Indeed, for all the party’s rebranding as socially progressive or “woke,” its speaking line-up is full of officials who came around on such issues only belatedly. Schumer, Kasich, Jim Clyburn, Molinari, and Biden all voted for the homophobic Defense of Marriage Act, which was signed by Bill Clinton. Whitmer rejected a needle exchange program in New Jersey to stop the spread of HIV. Barack Obama firmly opposed marriage equality, despite activist pressure, throughout his first term as president. Cuomo only passed marriage equality, despite its popularity in New York, after its achievement in several other states made it embarrassing, and he continued to support anti-gay politicians in the state as recently as 2018. As California attorney general, Kamala Harris refused to let transgender inmates get gender reassignment surgery. One could go on.
Even as the party increasingly highlights mere diversity and representation as solutions to the ills plaguing the United States, and contrasts itself to the naked racism of Trump’s GOP, this year’s DNC fails to deliver on this front too.
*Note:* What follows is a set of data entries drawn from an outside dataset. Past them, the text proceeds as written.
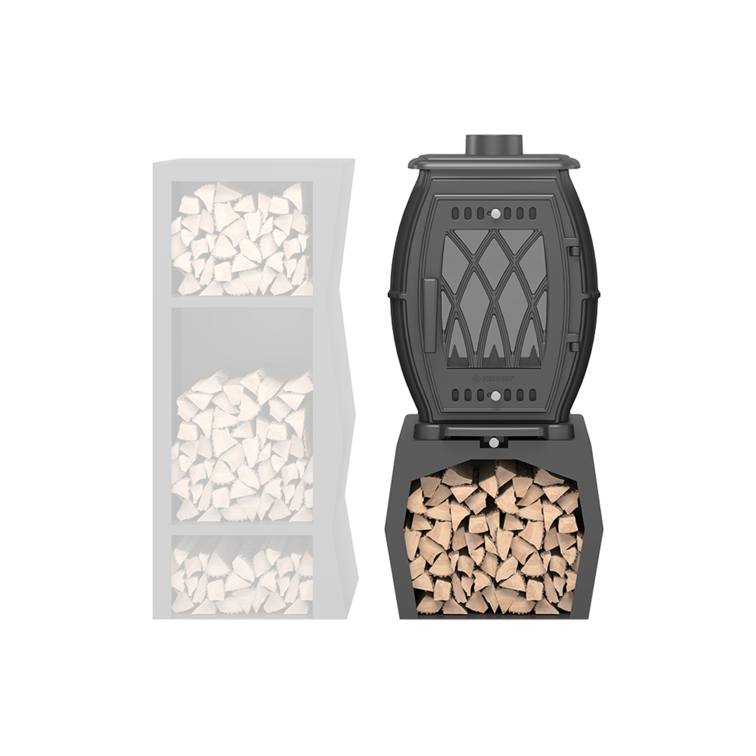 Печь-камин Везувий ВХ-09М "Антрацит" с дровником представляет собой идеальное сочетание элегантного дизайна и высокой функциональности, что делает её отличным выбором для создания уюта и тепла в вашем доме. Изготовленная из качественного жаростойкого чугуна с толщиной стенок от 6 до 8 мм, она обеспечивает надежную защиту от перегрева и долговечность в эксплуатации. Эта модель предназначена для обогрева помещений объемом до 180 м³, что позволяет вам наслаждаться комфортом и теплом в достаточно больших помещениях.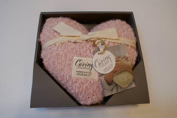 ALL BRAND NEW... never used... ready for gift giving. Giving Collection Handmade with love by DEMDACO. Bought from Hallmark. All items are a very pretty pink color and from a smoke and pet free home. Includes a blanket, shawl, and heart. If you add this all together, it cost $181, plus tax for all 3 items. What a deal for quality items! If you research these items, the reviews are all outstanding!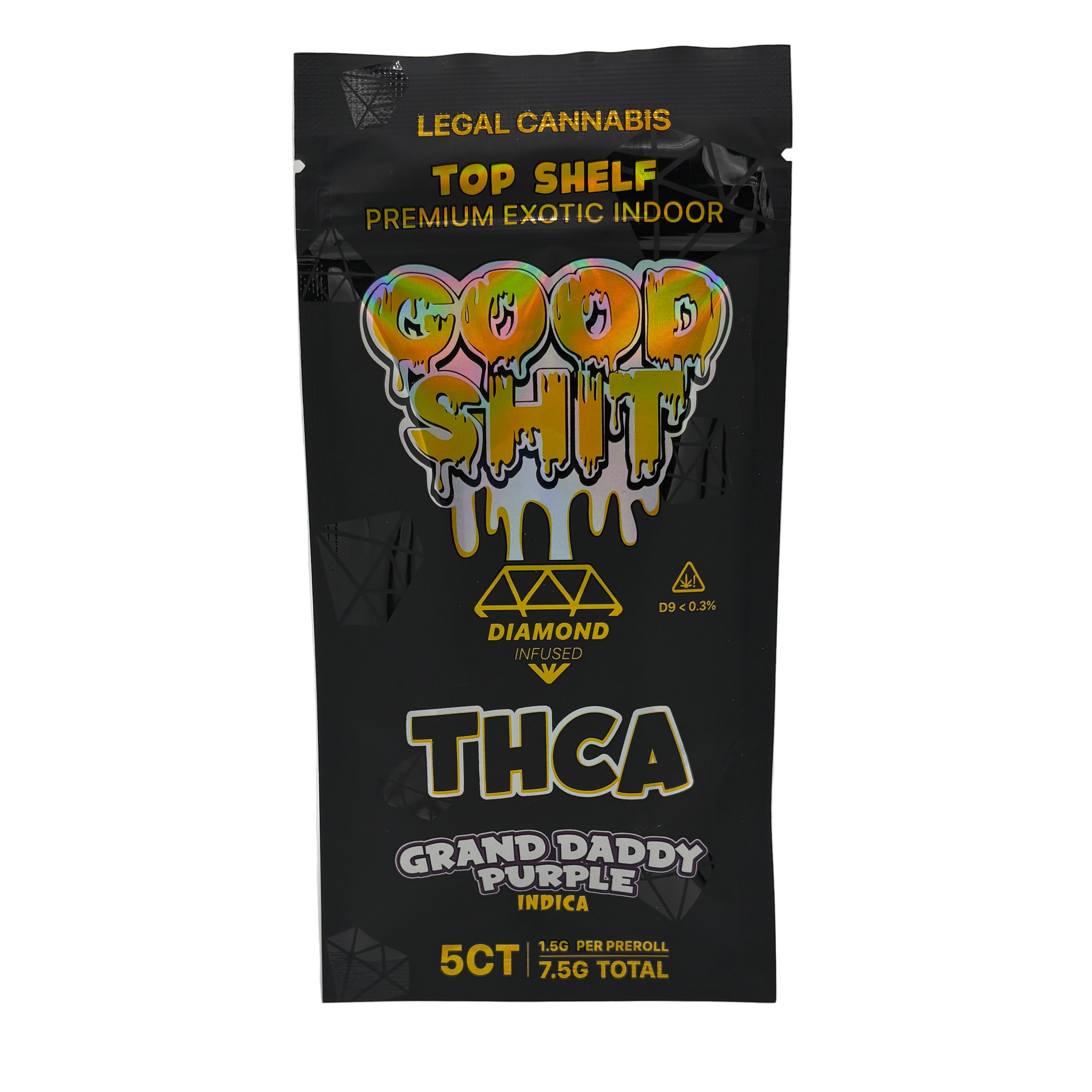 Experience the ultimate bliss with our Good Shit THCA Diamond Infused Pre Rolls pack. Each pack contains 5 pre-rolls, each weighing 1.5g, totaling 7.5g of premium cannabis goodness.

Despite the complaints of both elected officials and advocacy groups, there will only be three Latino speakers and no Muslim speakers, two groups that have been particularly targeted by Trump.
The party actually added four Republicans after these criticisms were first made, especially galling given their records. Bloomberg spied on law-abiding New York Muslims while mayor. Molinari pushed for extreme deportation powers as a solution to overcrowded New York prisons. Whitman pledged to “prosecute illegal aliens and criminal aliens around the state,” to crack down on sanctuary cities, and bar the undocumented from state colleges, all after firing her undocumented housekeeper of nine years right before running (“I felt like she was throwing me away like a piece of garbage,” said the housekeeper). It might be important to note that both Latinos and Muslims overwhelmingly supported Sanders in the primary, and that Biden has struggled with the former in particular.
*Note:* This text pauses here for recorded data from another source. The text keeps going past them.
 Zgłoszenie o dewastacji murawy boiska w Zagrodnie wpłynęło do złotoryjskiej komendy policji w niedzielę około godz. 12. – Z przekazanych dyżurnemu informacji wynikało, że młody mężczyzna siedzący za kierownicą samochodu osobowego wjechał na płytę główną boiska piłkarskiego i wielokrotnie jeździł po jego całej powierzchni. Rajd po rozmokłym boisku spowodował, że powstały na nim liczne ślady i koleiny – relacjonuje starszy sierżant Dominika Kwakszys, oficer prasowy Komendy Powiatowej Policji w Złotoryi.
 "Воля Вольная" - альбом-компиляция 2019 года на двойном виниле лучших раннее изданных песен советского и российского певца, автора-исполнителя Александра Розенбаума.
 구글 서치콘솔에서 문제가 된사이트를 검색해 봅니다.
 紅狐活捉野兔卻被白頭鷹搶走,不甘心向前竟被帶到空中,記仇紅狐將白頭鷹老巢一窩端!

And finally, even as Democrats continue selling themselves as the party of the people, the 2020 DNC speakers’ roster is one overwhelmingly made up of the superrich. Of the thirty-five scheduled speakers (not counting “the Biden family”), at least twenty-three are worth more than a million dollars, with nineteen worth more than $4 million, and thirteen worth upwards of $10 million. That includes the nominee himself, with the Bidens having made $15 million off book deals and speaking fees in 2017–18 alone, as well as the billionaires Bloomberg and Whitman, and multimillionaires like the Obamas, Clintons, Kasich, and Pelosi.
Meanwhile, Alexandria Ocasio-Cortez, the thirty-year-old progressive insurgent popular among both Democrats and young people, is being given only sixty seconds to speak, in a prerecorded message. This, despite polling showing Democrats are more excited to hear her speak than to hear Kasich and the Clintons.
So there you have it: twenty-three millionaires, two right-wing billionaires, two alleged sexual predators, five Republicans, one governor who oversaw what was the world’s worst coronavirus outbreak, a full slate of officials who created and wielded the US system of mass incarceration against their own people, and no Muslims.
This is the modern Democratic Party under Joe Biden, a party dominated by figures who have spent their entire careers opposing what they claim to fight for now, and more concerned with building a coalition with well-off conservatives than its own young, progressive, and increasingly diverse voting base.
The Democratic Party has been implacably opposed to its own alleged values in practice for years. But with Biden’s ascension, they can barely be bothered to still do the symbolic gesturing part either.